As the cartons move upwardly in the pockets 79, the can retaining tabs project from the ends of the pockets laterally of the conveyor, being disposed in parallel vertical planes. It is necessary before the loading of cans into the cartons to bend these tabs back on their score lines into the cartons in proximity to the inner surfaces of the carton walls W. To effect the preliminary step of this bending, the invention provides a pair of prebreaking tab plows 173 mounted on suitable brackets 174 on the machine frame at each side of the conveyor 53 and having inclined surfaces 175 adapted to engage the projecting tabs at each end of the carton and bend them approximately 90 across the open carton ends.
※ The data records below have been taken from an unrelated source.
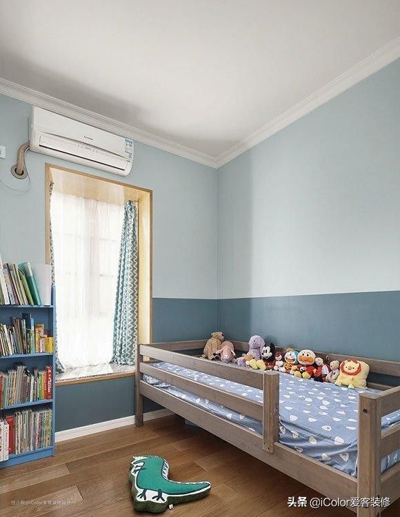 让两种颜色在墙上“平分秋色”,可以把深色和浅色同时带入室内,颜色占用的比例可以根据情况而有所变化。比方说儿童房,不想搞得太复杂,可以采用双色墙的方式,丰富空间色彩增加趣味性。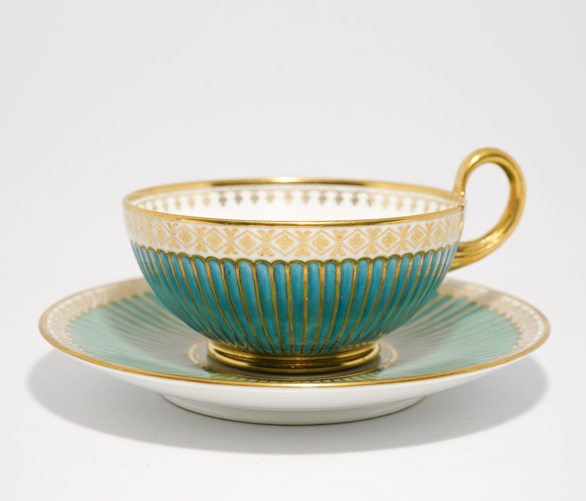 Sevres Louis Phillipe cup & saucer, turquoise fluted, dated 1835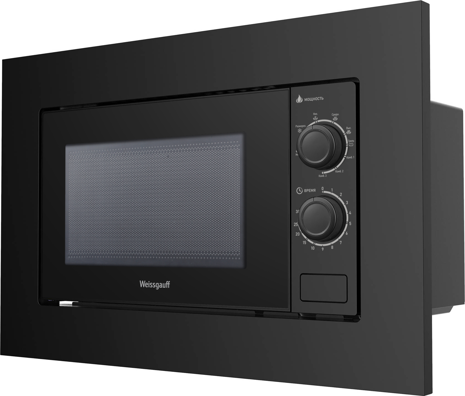 Встраиваемая микроволновая печь Weissgauff с объемом 20 литров, выполненная в черном цвете, оснащенная механическими поворотными рукоятками Soft Switch, равномерно разогревает еду при помощи поворотного стола, а также оснащена грилем с возможностью работы в комбинированном режиме!

The can loading means of this invention comprises rotary turrets or star wheel assemblies best shown in Figs. 1, l1 and 13. The machine will include as many of these star wheel assemblies as there are cans to be placed in the cartons being loaded, so that in the present embodiment, wherein the machine is adapted to place four cans in line in a single sleeve carton, the machine includes four of the assemblies, which are preferably mounted-two in the front of the machine and two in the rear thereof.

The front assemblies are shown at 176 and 177 to the right and left of the ascending legs of the loading conveyor 53 and arranged generally in the plane thereof and in close proximity thereto. They are mounted respectively on shafts 1'78 and 179, rotatably mounted in suitable bearings 181, carried by the machine frame. The rear star wheel assemblies are located at the rear of the machine in line with the descending leg of the conveyor 53, the right rear assembly 182 and the left rear assembly 183 (Fig. 14) being mounted respectively on shafts 184 and 185, arranged parallel to and somewhat above the level of the front shafts 173 and 179, respectively. These shafts are journaled in bearings 186, similar in construction to the front shaft bearings 181 and similarly mounted on the machine frame. The forward end of the right rear shaft 184 projects through its bearings 186 and is provided at its end with a spur gear 187 adapted to mesh with a similar spur gear 188 mounted on the right front shaft 178, whereby the shafts 178 and 104 rotate at the same speed in opposite directions. The left front shaft 179 and the left rear shaft 185 are similarly connected by a pair of spur gears 189 and 191, shown in Fig. 15, whereby the front and rear left assemblies 177 and 103 also rotate in opposite directions at the same speed. These assemblies are connected by means of a cross chain 192 trained around a sprocket 193 secured to the shaft 178 and a sprocket 194 secured to the shaft 185, which chain passes across the machine between the ascending and descending legs of the conveyor 53 so that the lefthand assemblies may be driven from the righthand assemblies at the same speed in a manner which will be readily understood. The right front shaft 178 projects through its rear bearing 181 and carries a sprocket 195 adapted to be driven by a drive chain 196 in a manner to be further described.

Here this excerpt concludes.